## PROBLEM DETAILS
Under this line sits a listing. Repeat exactly and only its lines from the one holding "(4)安装时,先用套筒将火花" through the one holding "Бюстгальтер пуш-ап среднего"; skip pictures.

## EXCERPTED DATA
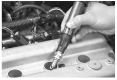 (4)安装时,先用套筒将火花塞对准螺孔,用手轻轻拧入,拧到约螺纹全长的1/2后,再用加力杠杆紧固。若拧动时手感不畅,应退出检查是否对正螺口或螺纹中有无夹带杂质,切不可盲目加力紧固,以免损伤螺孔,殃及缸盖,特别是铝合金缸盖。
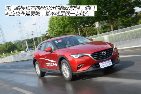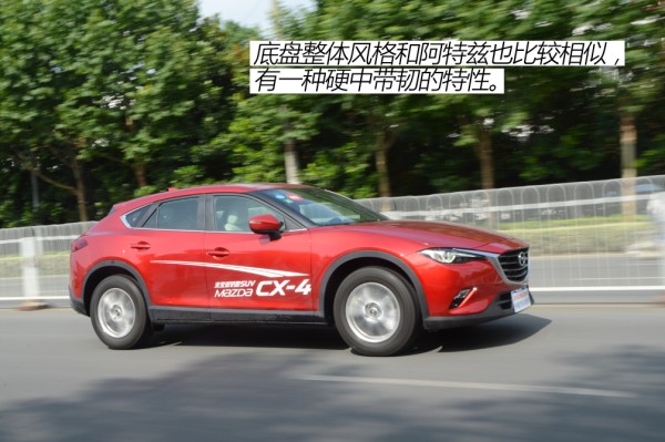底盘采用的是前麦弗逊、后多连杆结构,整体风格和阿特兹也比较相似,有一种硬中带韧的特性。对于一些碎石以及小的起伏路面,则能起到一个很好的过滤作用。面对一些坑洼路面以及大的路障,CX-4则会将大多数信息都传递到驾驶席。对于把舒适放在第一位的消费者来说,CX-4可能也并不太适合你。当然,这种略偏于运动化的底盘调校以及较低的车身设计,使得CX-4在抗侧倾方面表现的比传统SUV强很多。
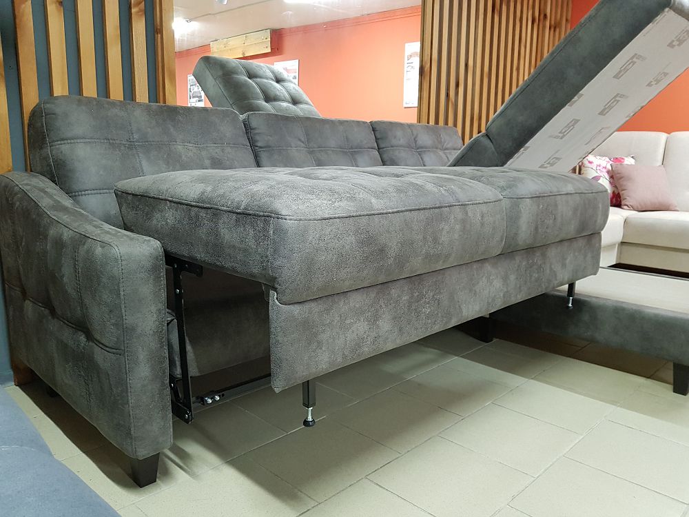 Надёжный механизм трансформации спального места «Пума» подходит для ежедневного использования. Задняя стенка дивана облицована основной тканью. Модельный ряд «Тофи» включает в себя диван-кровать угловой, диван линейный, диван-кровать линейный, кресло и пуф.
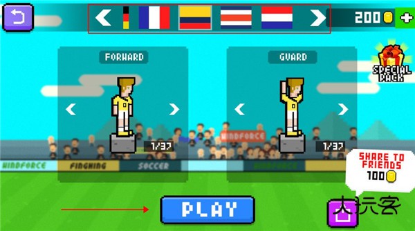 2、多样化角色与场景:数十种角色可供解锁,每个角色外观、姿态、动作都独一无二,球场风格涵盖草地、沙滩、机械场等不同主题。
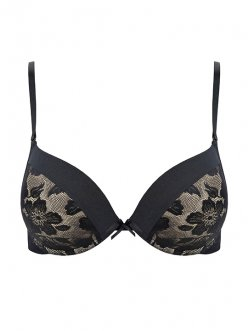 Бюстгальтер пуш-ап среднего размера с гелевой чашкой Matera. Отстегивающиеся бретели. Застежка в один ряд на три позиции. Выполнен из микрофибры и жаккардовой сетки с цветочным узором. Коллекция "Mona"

==

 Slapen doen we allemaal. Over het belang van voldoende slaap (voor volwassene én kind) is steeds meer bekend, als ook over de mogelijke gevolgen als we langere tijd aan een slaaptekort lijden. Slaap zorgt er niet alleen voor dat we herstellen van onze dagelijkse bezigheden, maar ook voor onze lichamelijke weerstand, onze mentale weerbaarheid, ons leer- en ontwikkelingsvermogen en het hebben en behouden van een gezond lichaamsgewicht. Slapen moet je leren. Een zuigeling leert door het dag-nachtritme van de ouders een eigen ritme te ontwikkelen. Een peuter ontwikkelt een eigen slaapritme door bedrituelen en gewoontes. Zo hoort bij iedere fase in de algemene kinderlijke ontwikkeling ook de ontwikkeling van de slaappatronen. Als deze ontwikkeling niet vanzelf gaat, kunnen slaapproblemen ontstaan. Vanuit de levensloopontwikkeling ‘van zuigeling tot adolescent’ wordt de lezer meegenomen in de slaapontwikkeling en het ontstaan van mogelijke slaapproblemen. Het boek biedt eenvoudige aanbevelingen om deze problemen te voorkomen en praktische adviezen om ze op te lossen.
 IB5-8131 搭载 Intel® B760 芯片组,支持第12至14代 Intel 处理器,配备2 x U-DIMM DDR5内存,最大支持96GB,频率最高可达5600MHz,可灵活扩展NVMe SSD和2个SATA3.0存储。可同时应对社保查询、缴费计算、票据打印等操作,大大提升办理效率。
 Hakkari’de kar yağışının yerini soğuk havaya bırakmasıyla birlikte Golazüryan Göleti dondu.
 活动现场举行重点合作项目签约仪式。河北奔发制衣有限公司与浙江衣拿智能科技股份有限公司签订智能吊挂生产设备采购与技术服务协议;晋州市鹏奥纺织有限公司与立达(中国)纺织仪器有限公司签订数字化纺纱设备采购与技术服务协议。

## SOLUTION
 (4)安装时,先用套筒将火花塞对准螺孔,用手轻轻拧入,拧到约螺纹全长的1/2后,再用加力杠杆紧固。若拧动时手感不畅,应退出检查是否对正螺口或螺纹中有无夹带杂质,切不可盲目加力紧固,以免损伤螺孔,殃及缸盖,特别是铝合金缸盖。
底盘采用的是前麦弗逊、后多连杆结构,整体风格和阿特兹也比较相似,有一种硬中带韧的特性。对于一些碎石以及小的起伏路面,则能起到一个很好的过滤作用。面对一些坑洼路面以及大的路障,CX-4则会将大多数信息都传递到驾驶席。对于把舒适放在第一位的消费者来说,CX-4可能也并不太适合你。当然,这种略偏于运动化的底盘调校以及较低的车身设计,使得CX-4在抗侧倾方面表现的比传统SUV强很多。
 Надёжный механизм трансформации спального места «Пума» подходит для ежедневного использования. Задняя стенка дивана облицована основной тканью. Модельный ряд «Тофи» включает в себя диван-кровать угловой, диван линейный, диван-кровать линейный, кресло и пуф.
 2、多样化角色与场景:数十种角色可供解锁,每个角色外观、姿态、动作都独一无二,球场风格涵盖草地、沙滩、机械场等不同主题。
 Бюстгальтер пуш-ап среднего размера с гелевой чашкой Matera. Отстегивающиеся бретели. Застежка в один ряд на три позиции. Выполнен из микрофибры и жаккардовой сетки с цветочным узором. Коллекция "Mona"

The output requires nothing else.